Irene Zattfild, of Hungarian Jewish extraction, was taking part in her fifth March of the Living. She was interned at Auschwitz when she was 13 and lost her entire family here. "I feel very, very lucky to have survived. I'm the only survivor in my family. Now I bring people here," she said, her face almost permanently creased in a smile. "I love life, and I want to pass that message on to others," Irene said.
Hungary only began mass deportations of Jews late in the war, but once they began they were carried out with horrifying efficiency. Some 450,000 Hungarian Jews were killed at Auschwitz, many sent directly to their deaths as soon as they arrived at the camp, packed like animals into cattle cars.

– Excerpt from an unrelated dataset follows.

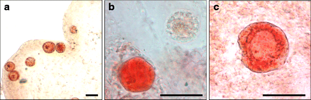 Follicles visualized by neutral red staining. a Overview of living follicles of various sizes as visualized with the neutral red viability stain. Due to the thickness of the squash preparation, not all follicles are in focus. b Fresh tissue with a viable follicle (red) and dead follicle (transparent). c Close-up of a living follicle. Bars represent 200 μM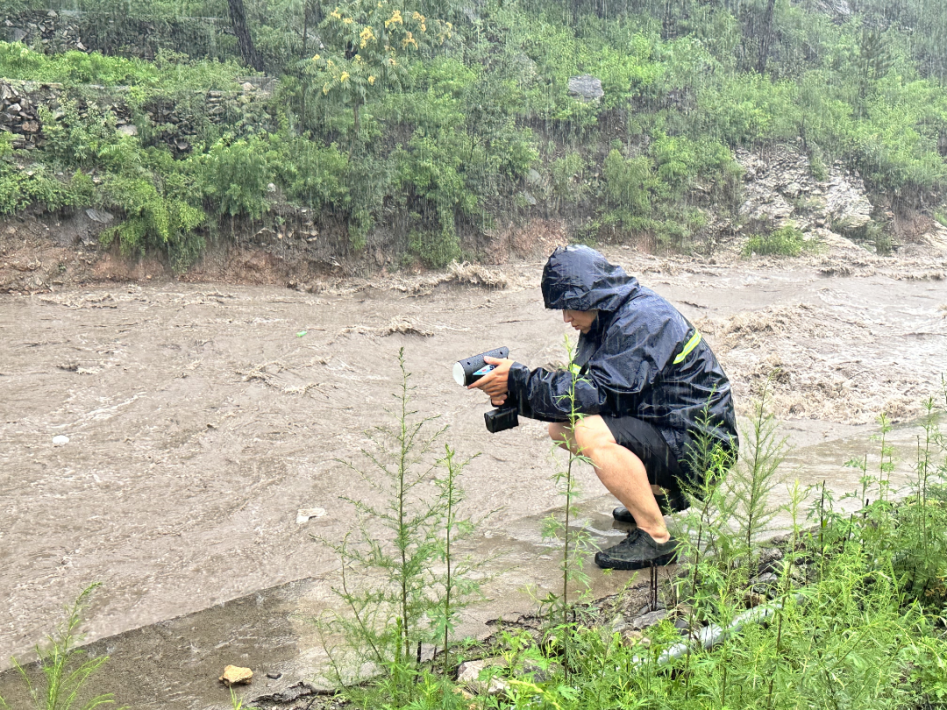 夜晚来临,雨势渐强,狂风卷着暴雨像无数条鞭子抽打在人身上、脸上,游世鹏一行7人根本顾不上湿透的衣衫和脚下的泥泞,一路前行,严格按照测报时间节点完成任务。

"We did not reach out to the victims, we were not strong enough," Hungarian Prime Minister Ferenc Gyurcsany said at a private ceremony for his country's victims. "These atrocities were committed by no one other than us all, the human race," he said.

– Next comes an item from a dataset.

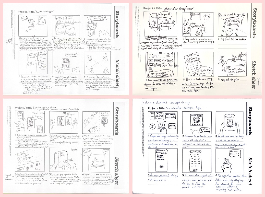 Our ideation process began with creating individual storyboards depicting the potential user experience and our personal visions for the project.

"This must not happen again"
Other marchers had come from Australia, Canada, France, Greece, Mexico, Poland, South Africa and beyond. Together, young and old, Jewish and non-Jewish, made their way under a grey sky and light drizzle out of Auschwitz to Birkenau to remember the victims of the Holocaust.
The festival atmosphere that had reigned before the shofar sounded was replaced by near silence, punctuated by thousands of footsteps on the dirt paths and cobbles leading out of Auschwitz.
"This is a reunion of a whole nation and those people who died here," said Eugenia Spector, a 19-year-old Ukrainian Jew from Odessa. She said the laughter and song before the march was a way of letting off tension. "Some of the laughter and joking is just to relax. When we went to the gas chamber, we had the feeling we were going to be gassed at any second. After we visited the camp, we felt nervous and didn't know what to do, and we got rid of the tension by laughing, almost hysterically," she said.
Jurek Sternfeld, 66, was in a group of 160 Jewish people from around Australia. Born in Warsaw, six months before Nazi Germany invaded Poland starting World War II, the most deadly conflict in history, he was smuggled out of Poland by his mother immediately after the start of the war. His family spent the war in the Soviet Union, and survived the conflict intact -- a rarity for Polish Jews.
"I think this march is the right thing, as far as the future is concerned, to remember what happened. As far as I'm concerned this was the blackest point in the history of humankind. A whole group of people was deliberately being wiped out. This must not happen again and this is what motivates me to come here," he said.
The March of the Living
Half an hour after the march had started, the crowd was still passing under the infamous Arbeit Macht Frei gate at Auschwitz and across the dirt paths of the camp onto the tarmacked road leading to Birkenau, three kilometers (two miles) away.
There, a memorial ceremony was to be held in the midst of the rubble of the purpose-built interconnecting gas chambers and crematoria.
A group of Roman Catholic school teachers from the United States was also among the marchers. "The march is a chance for us to show that we remember and to be here on such a historical occasion -- the 60th anniversary of the end of the war," said Toby Harkleroad, a teacher from Washington DC. "We'll take the message back to our students and everyone we meet in our lives, to make sure we never forget and it never happens again. Especially as Catholics, we have to look back at the role we might have played in setting the world up for such a tragedy happening, what we did or did not do," he said.
Wartime Pope Pius XVI did not denounce the Nazi persecution of the Jews.
The Nazis exterminated six million European Jews, half of them from mainly Catholic Poland, home to Europe's largest Jewish community before World War II.
The March of the Living began in 1988 to counter voices denying that the Holocaust ever took place.